To train the model, I used an the default AdamOptimizer routine from the LeNet lab. I have a very fast laptop, but I don't have an NVIDIA graphics card, so I trained the models on CPU, thus, I found that with a BATCH_SIZE value of 40, I achieved best epoch performance. I'm not exactly sure what the limitation was, as I have 16GB of ram in this machine and memory usage of the python process didn't seem to change based upon the BATCH_SIZE setting, but the further I increased this parameter, the slower each epoch ran.
I chose 20 epochs because that was about the point where I could tell the validation accuracy would plateau.
####4. Solution approach The code for calculating the accuracy of the model is located in the twelfth cell of the Jupyter notebook.
My final model results were:
- validation set accuracy of 93.9%
- test set accuracy of 90.6%
As noted above, I first tried an iterative process to 'improve' upon the LeNet model architecture, but none of those iterations ended up improving the validation accuracy!
I settled upon the LeNet architecture because according to the intro videos to the lesson, they should be able to give about 93-95% accuracy, which was the minimum required. I explored potentially implementing some of the more modern architectures such as AlexNet, GoogLeNet, ResNet, etc, but they appeared to be much too complicated for this simple project. I believe the point of this project was to get us familiar with how a CNN model works, and I have a much more intimate feel for them after doing this project.

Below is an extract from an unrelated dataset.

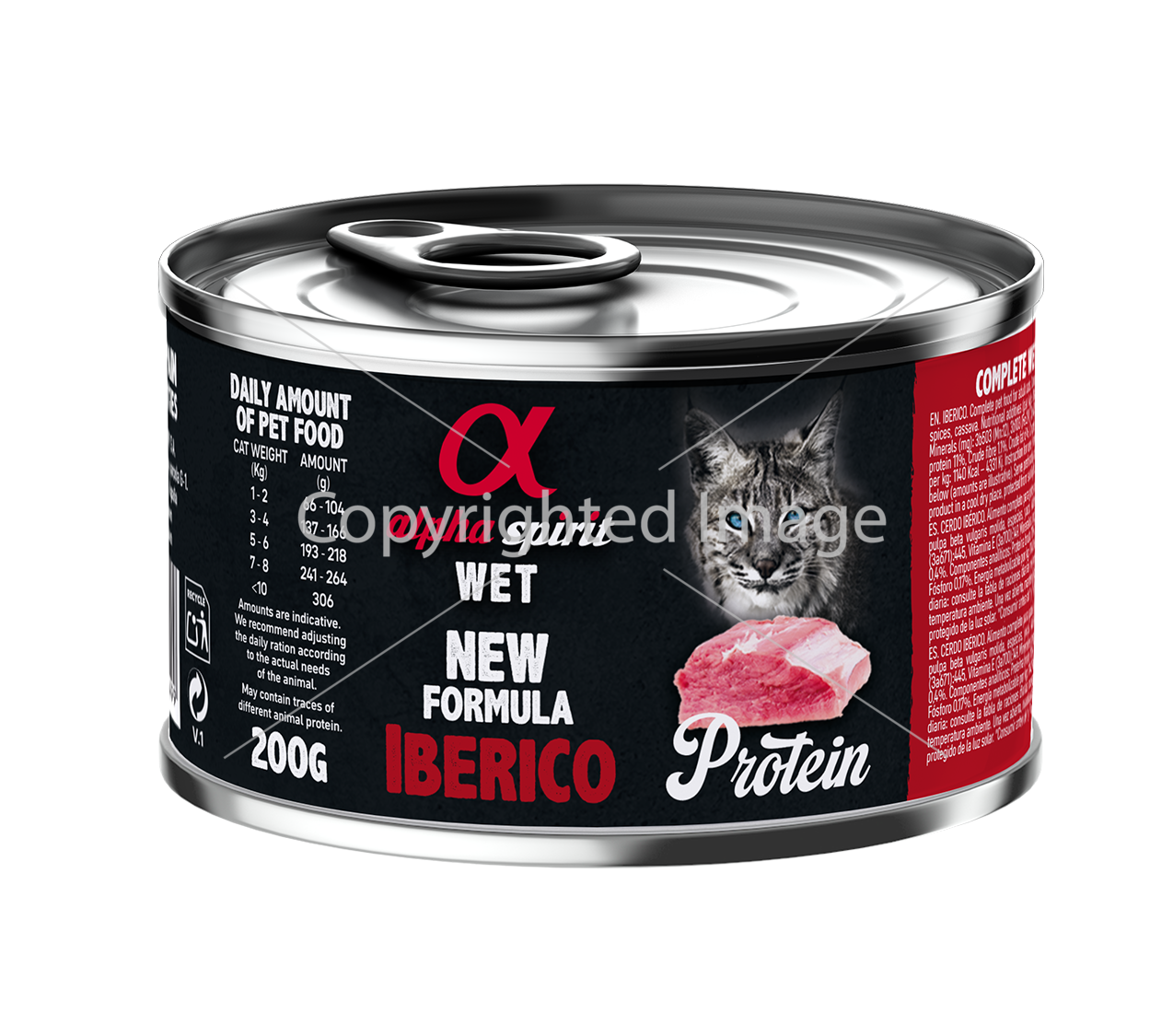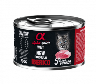 Вологий корм Alpha Spirit Iberico for Adult Cats для дорослих котів виготовляється з інгредієнтів преміальної якості з добавкою таурину, де єдиним джерелом протеїну є іберійська свинина.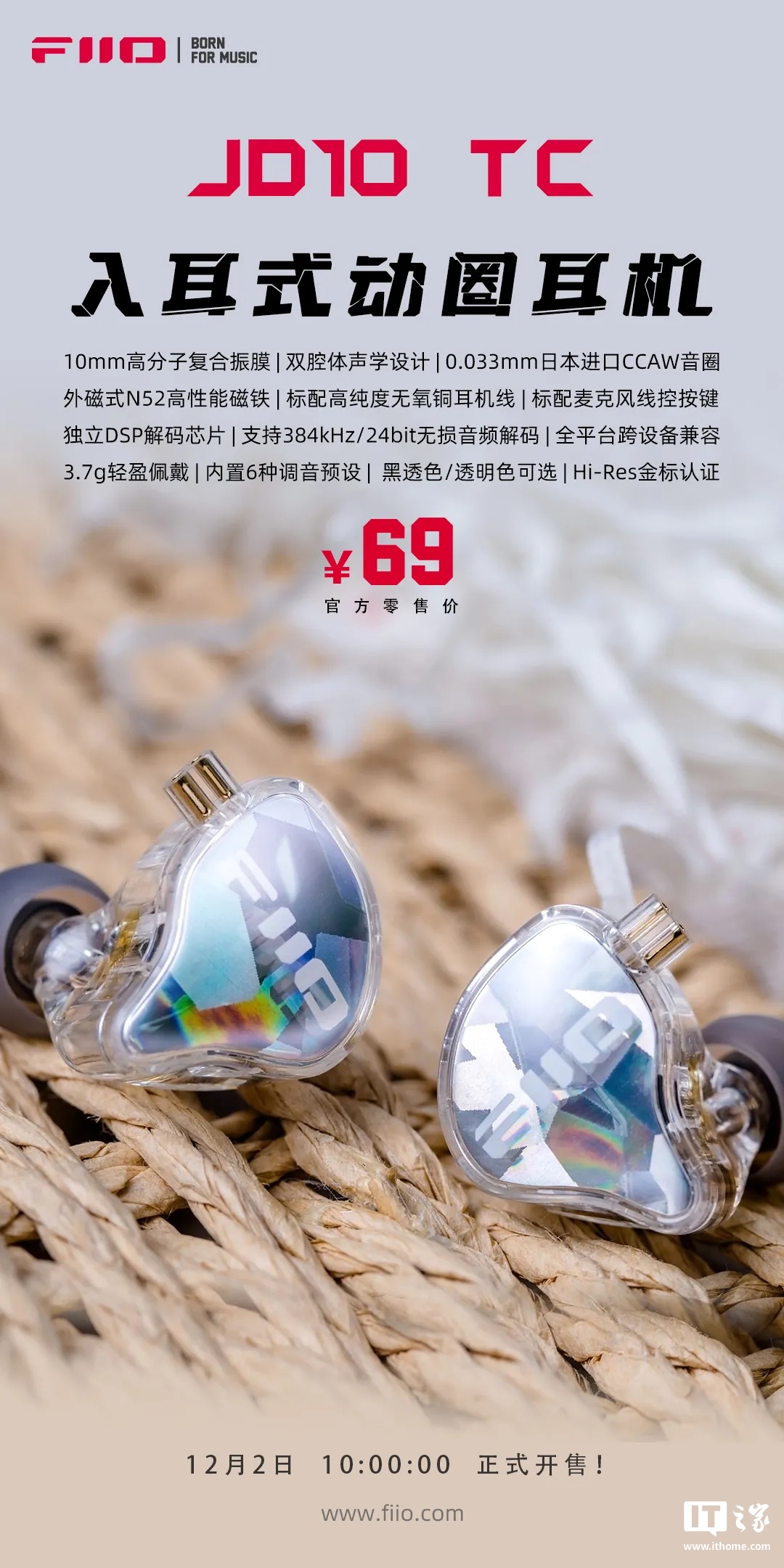 IT之家 12 月 2 日消息,飞傲 JD10 入耳式动圈耳机于 10 月 10 日开售,新增 Type-C 接口版本今日开售,售价 69 元。

###Test a Model on New Images
####1. Acquiring new images
Here are five German traffic signs that I found on the web from the site: http://www.gettingaroundgermany.info/zeichen.shtml I figured these would be nice images because they are very clean. I didn't intentionally choose images that would be difficult to classify. These images have much less noise and other 'real-world' artifacts in them than the test and training set (I didn't look at every image in the data sets so maybe this is a false assumption) These images also are of high contrast ratio, and that probably helped make them easier to classify.
####2. Performance on new images
The code for making predictions on my final model is located in the sixteenth cell of the Jupyter notebook.
Here are the results of the prediction:
Image | Prediction |
---|---|
No passing | No passing |
No over 3.5 tons | No over 3.5 tons |
Priority road | Priority road |
Road work | Road work |
Wild animal crossing | Wild animal crossing |
The model was able to correctly guess 5 of the 5 traffic signs, which gives an accuracy of 100%!! This compares favorably to the accuracy on the test set of 90%.
####3. Model certainty
For softmax probabilities, I only output the top 3 for each image, because the certainty for each image was roughly 100%. I will omit graphs and tables showing this because it would be a waste of space. The actual and guessed index for each image is shown in cell 17 of the Jupyter notebook.